The proposed rule -- Modernizing NRC Regulations for Byproduct Material Use -- is a direct response to an executive order signed in May 2025 by President Donald Trump that directed the NRC to eliminate unnecessary regulatory burdens and expedite licensing timelines, as well as the bipartisan ADVANCE Act of 2024. The rule is projected to generate net savings of roughly $3 million for industry, agreement states, and the NRC, according to the agency.
Specifically, the rule eliminates decommissioning financial assurance (DFA) -- the financial guarantees licensees must maintain to cover potential decommissioning costs -- for all radionuclides with half-lives of 120 days or less, including lutetium-177, yttrium-90, actinium-225, and radium-223. The rule would also provide 100-fold relief in DFA thresholds for germanium-68/gallium-68 generators.
The rule would also permit commercial radiopharmacies to prepare and distribute radioactive microspheres, a pathway currently unavailable because microspheres are regulated as medical devices rather than radioactive drugs, the agency said.

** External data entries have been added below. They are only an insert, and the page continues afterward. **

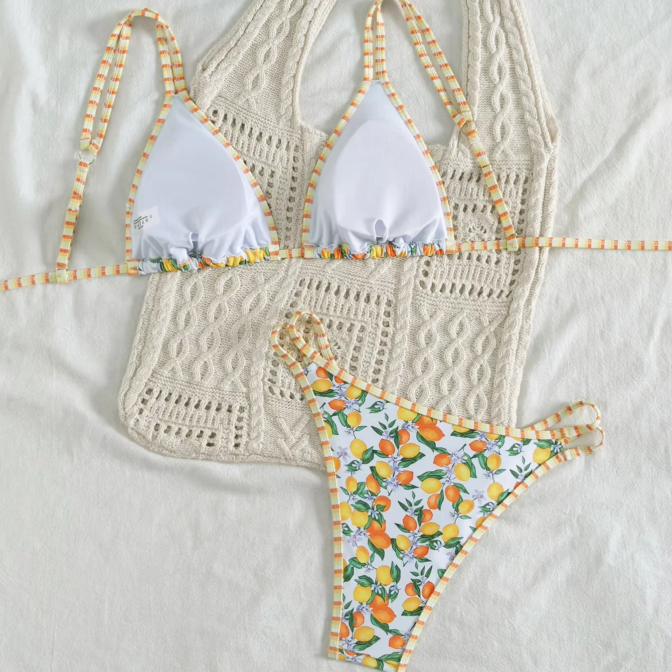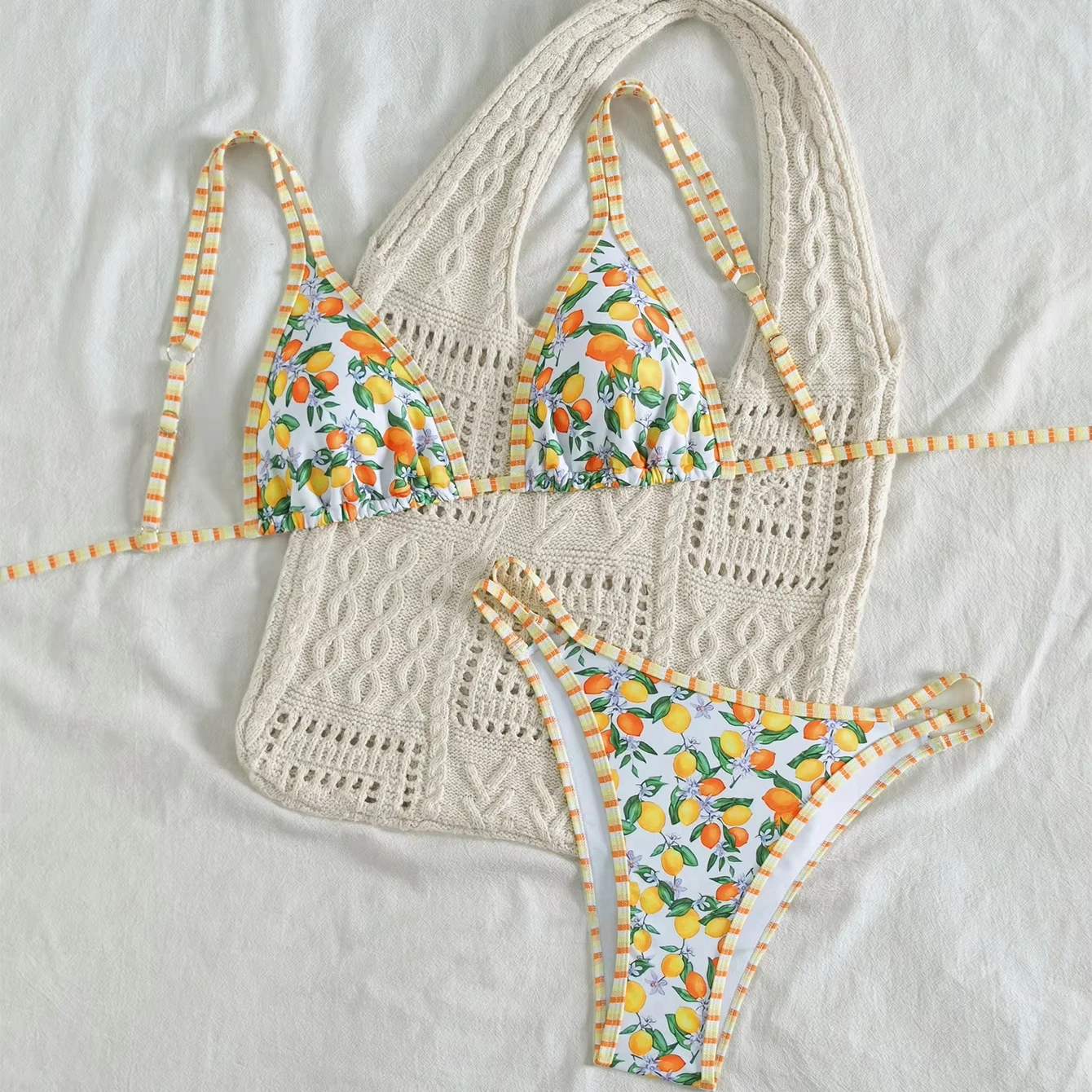 MLY Ruffle Bikini Summer Two Piece Suit Sexy Swimwear Bandage Biquini Triangle Swimsuit Printed Bathsuit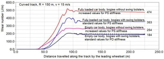 In Figure 9, the results concerning wear numbers of external wheels in a leading wheelset were shown in function of distance travelled along the curved track by the wagon models. The presented results of wheel–rail wear calculations on curved track concern two bogie design solutions, providing freight wagons on straight track with the critical speed of 169 km/h.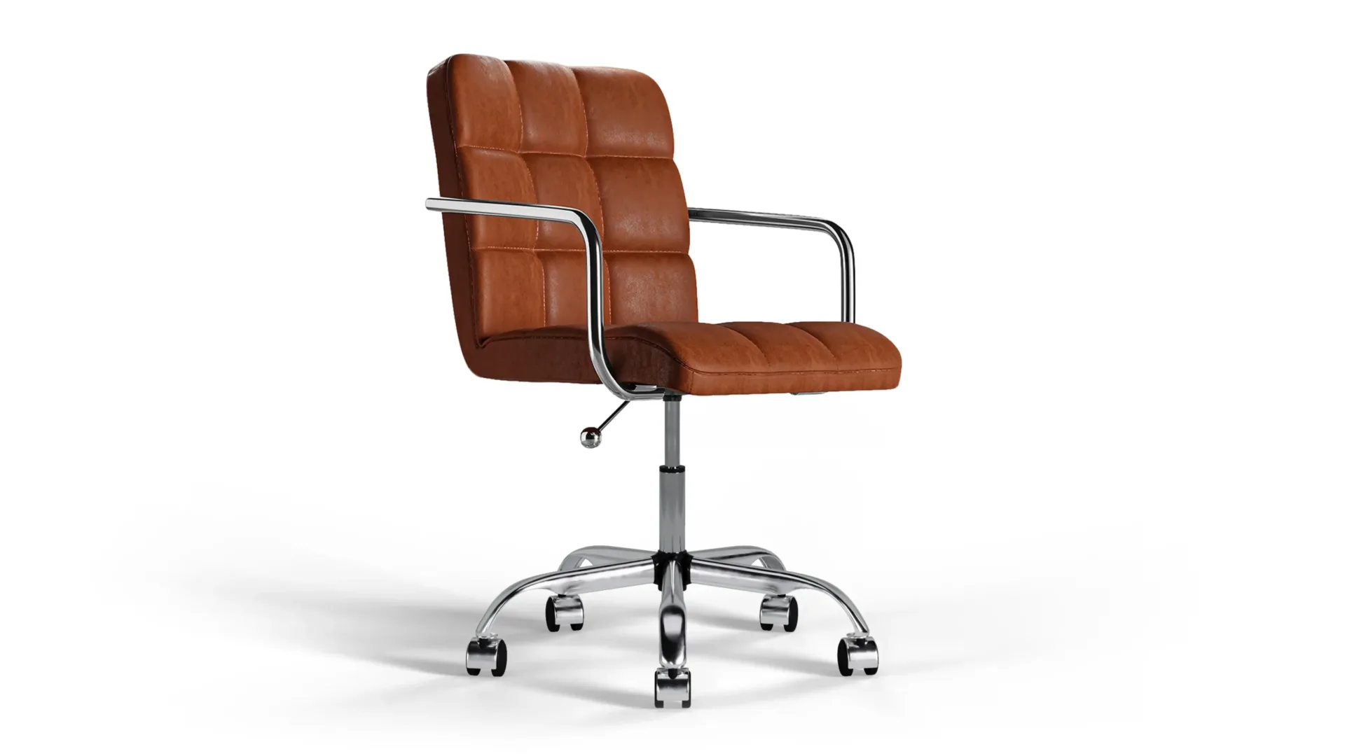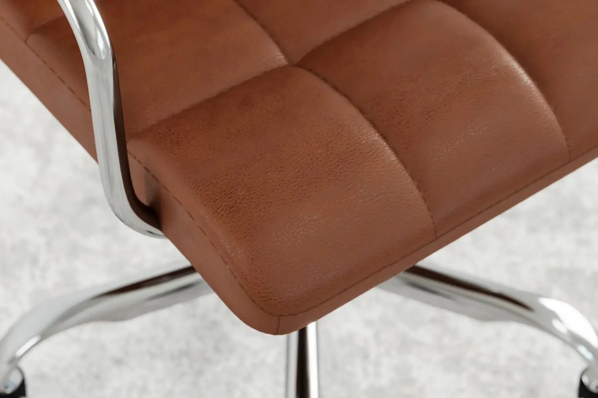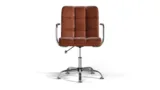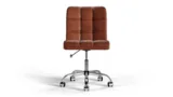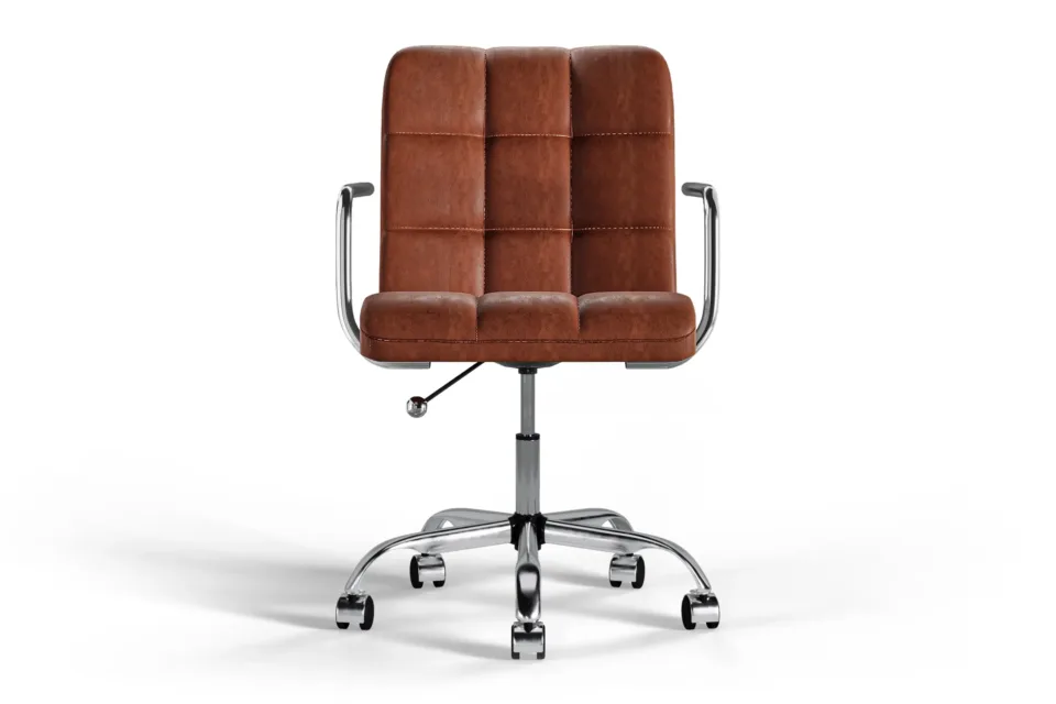 ブラウンヴィーガンレザー製のクロムベースとホイールを備えたFuturaオフィスチェアは、古典的なスタイルとエルゴノミックデザインを組み合わせています。柔らかいヴィーガンレザーで張られ、通気性のあるステッチと高さ調節が可能で、長時間快適さを促進します。磨かれたクロムベースとスムーズな移動を実現するホイールが付いており、どんなワークスペースにも適応できます。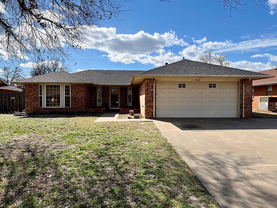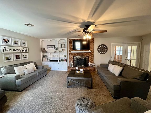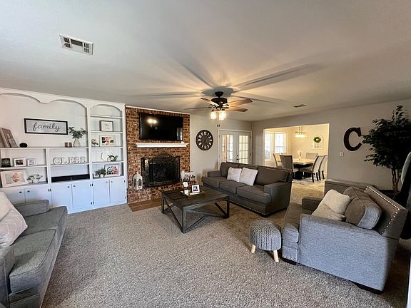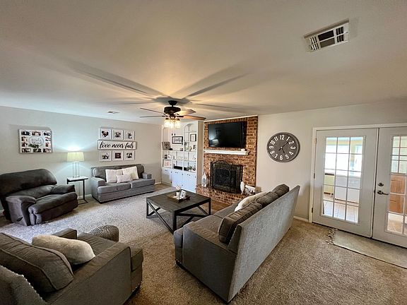 Such a sweet house in a beautiful neighborhood. Oversized living room makes entertaining easy with a gas fireplace. Home has been updated with light fixtures, interior paint, flooring in entry way & a brand new main bathroom. A large, enclosed patio makes for fantastic additional living space. There is a covered patio for some outdoor grilling or relaxation. Backyard has a great view of an open lot behind the property and a large storage shed. Additional features include a reverse osmosis system in the kitchen, storm shelter in garage & a water well for outdoor watering.
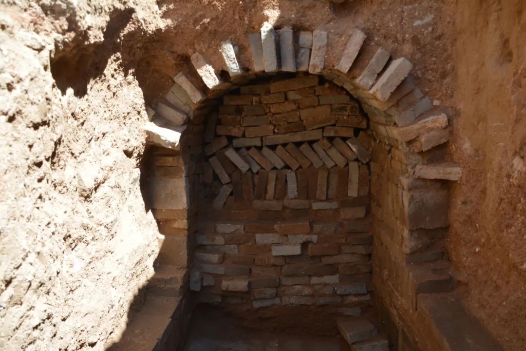 随着发掘工作的持续推进,一座坐北朝南的双人单室合葬砖券墓葬逐渐显露出来,墓道与墓室成“甲”字形,方形的墓室内西侧和北侧贴墙就地用陶砖垒砌两个棺床,两棺床呈90度夹角的“7”字形,两棺床上一横一竖有两具人骨,右侧放有一个木碗。墓室地面用陶砖铺砌,墓门位于墓室南墙东端,用陶砖封堵。墓室保存较好,没有发现盗掘痕迹。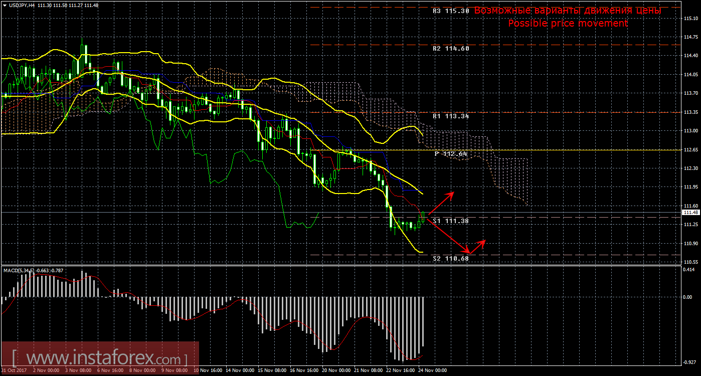 Валютная пара USD/JPY, так же как и многие другие, начала корректироваться с праздничный для США день, День Благодарения. Целью для восходящей коррекции выступает линия Киджун-сен, но учитывая пониженную волатильность (всего 31 пункт), отработать эту линию получиться в лучшем случае сегодня. Индикатор MACD развернулся наверх, сигнализирую о начале коррекции. Индекс деловой активности в секторе производства в Японии, опубликованный ночью, оказался выше прогнозов, - 53,8. Больше на сегодняшний день не запланировано никаких макроэкономических новостей. Таким образом, сегодня волатильность может оставаться низкой, так как индексы деловой активности в сферах услуг и производства в Штатах вряд ли вызовут бурную реакцию валютных трейдеров. Однако, разворот индикатора MACD вниз все-таки может просигнализировать о завершении текущей коррекции и возобновлении нисходящего движения с целью второй уровень поддержки 110,68. Полосы Боллинджера продолжают сигнализировать о нисходящей тенденции, а сигнал на продажу от Ишимоку остается сильным и подтвержденным. Таким образом, короткие позиции сейчас доступны для рассмотрения. Средняя волатильность инструмента остается на довольно высоком уровне – 84 пункта – однако это не означает, что сегодня мы увидим именно такую цифру показателя.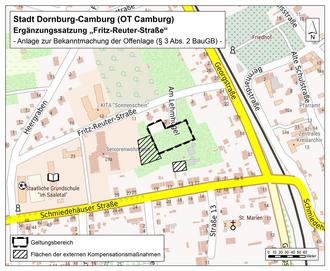 Der Stadtrat der Stadt Dornburg-Camburg hat in seiner Sitzung am 07.05.2024 den Entwurf der Ergänzungssatzung „Fritz-Reuter-Straße“ in Camburg in der Fassung vom 5. April 2024 und die dazugehörige Begründung gebilligt und zur öffentlichen Auslegung und Beteiligung der Behörden, Nachbargemeinden und sonstigen Träger öffentlicher Belange bestimmt. Planungsziel ist die Schaffung der bauplanungsrechtlichen Voraussetzungen für eine Wohnbebauung südlich der Fritz-Reuter-Straße in Camburg.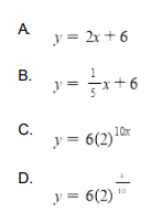 A scientist placed 6 bacteria into a petri dish. The number of bacteria in the petri dish doubled every 10 hours. Which equation models the number of bacteria, y, present in the sample after x hours?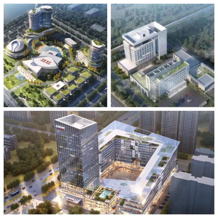 項(xiàng)目鳥(niǎo)瞰圖:上左-國(guó)際健美健身聯(lián)合會(huì)IFBB-CBBA文化發(fā)展交流中心項(xiàng)目;上右-空港領(lǐng)航大廈項(xiàng)目二期;下-渭城商務(wù)功能區(qū)項(xiàng)目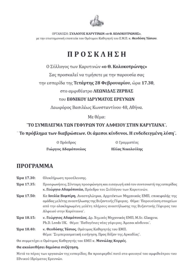 Θα είναι ιδιαίτερη τιμή μας η παρουσία σας στην εσπερίδα την οποίαν διοργανώνει ο Σύλλογος των Καρυτινών «ο Θ. Κολοκοτρώνης» την Τετάρτη 28 Φεβρουαρίου και ώρα 17.30, στο αμφιθέατρο Λεωνίδας Ζέρβας του Εθνικού Ιδρύματος Ερευνών, Λεωφόρος Βασιλέως Κωνσταντίνου 48, Αθήνα, στην προσπάθειά του να συμβάλλει στην έγκαιρη και ορθολογική αντιμετώπιση, από τις αρμόδιες αρχές, του εξαιρετικά δύσκολου και ιδιαίτερα σοβαρού προβλήματος, που αφορά στο «Σύμπλεγμα των γεφυρών του Αλφειού στην Καρύταινα».
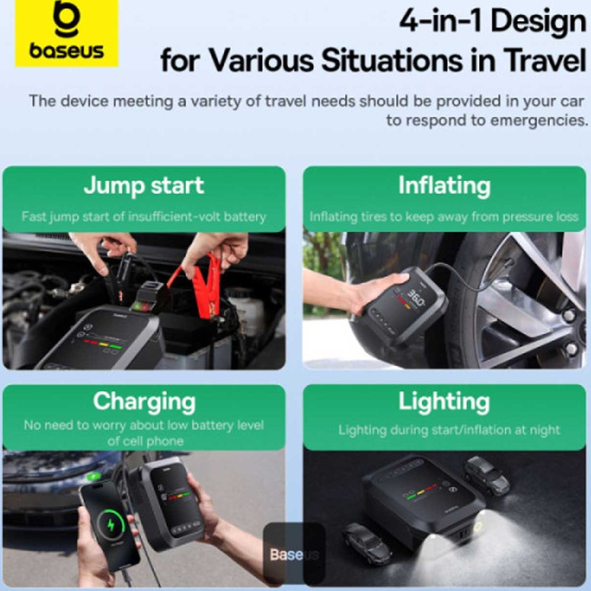 جامپ استارتر و پمپ باد 4 کاره Baseus + پاوربانک 30000 Baseus PrimeTrip BS-CH014 C00245903111 با چراغ قوه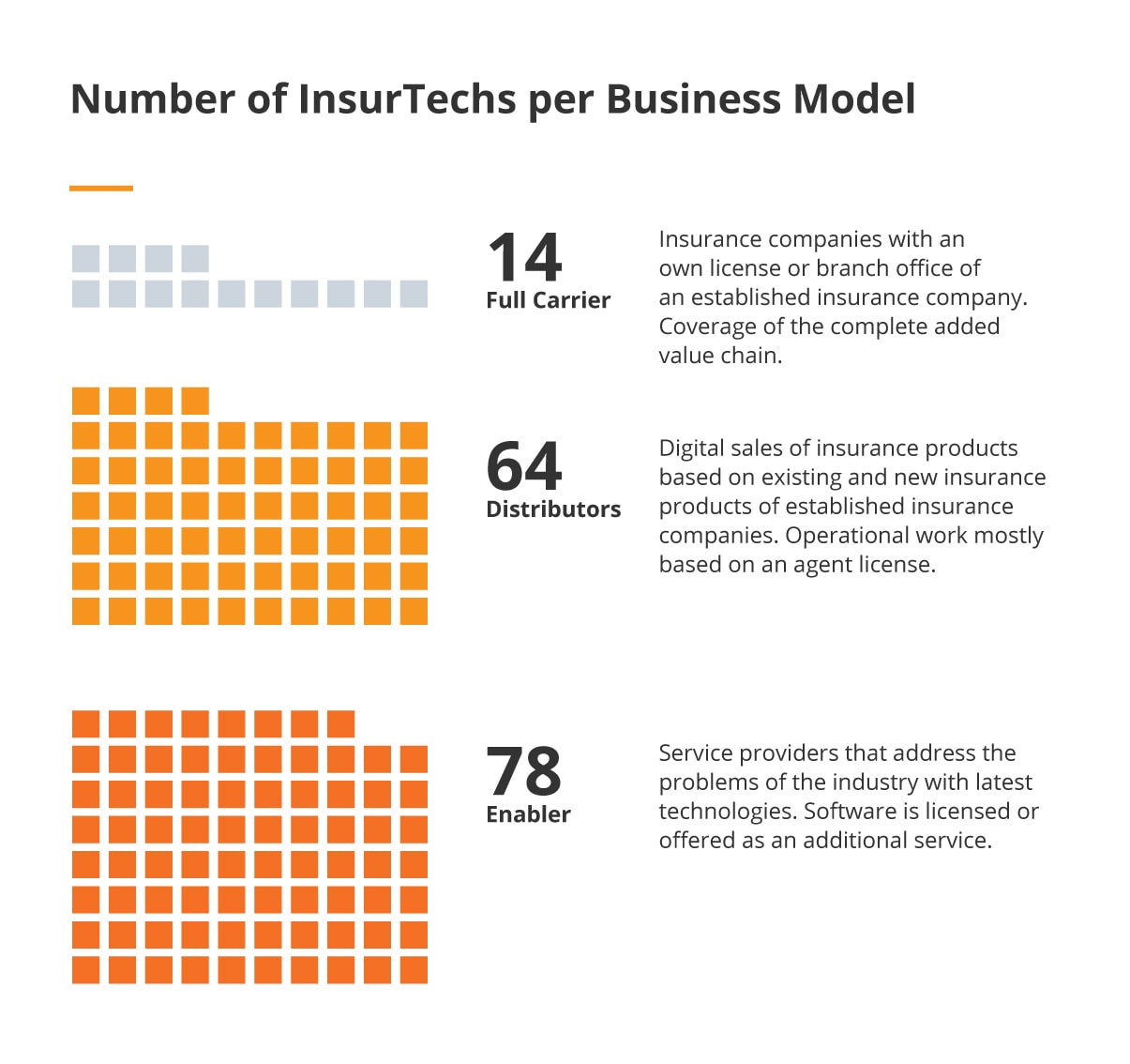 There are three primary business models in the German insurance industry: enabler, full carrier, and distributor.

Additionally, the rule would repeal a geographic restriction on consortium arrangements for PET radionuclide production that required production facilities and medical-use licensees to be in the same area. The change would enable centralized production and shipment of longer-lived PET radionuclides such as copper-64 and Ga-68 regardless of distance.
Public comments are due July 2, 2026, the NRC said.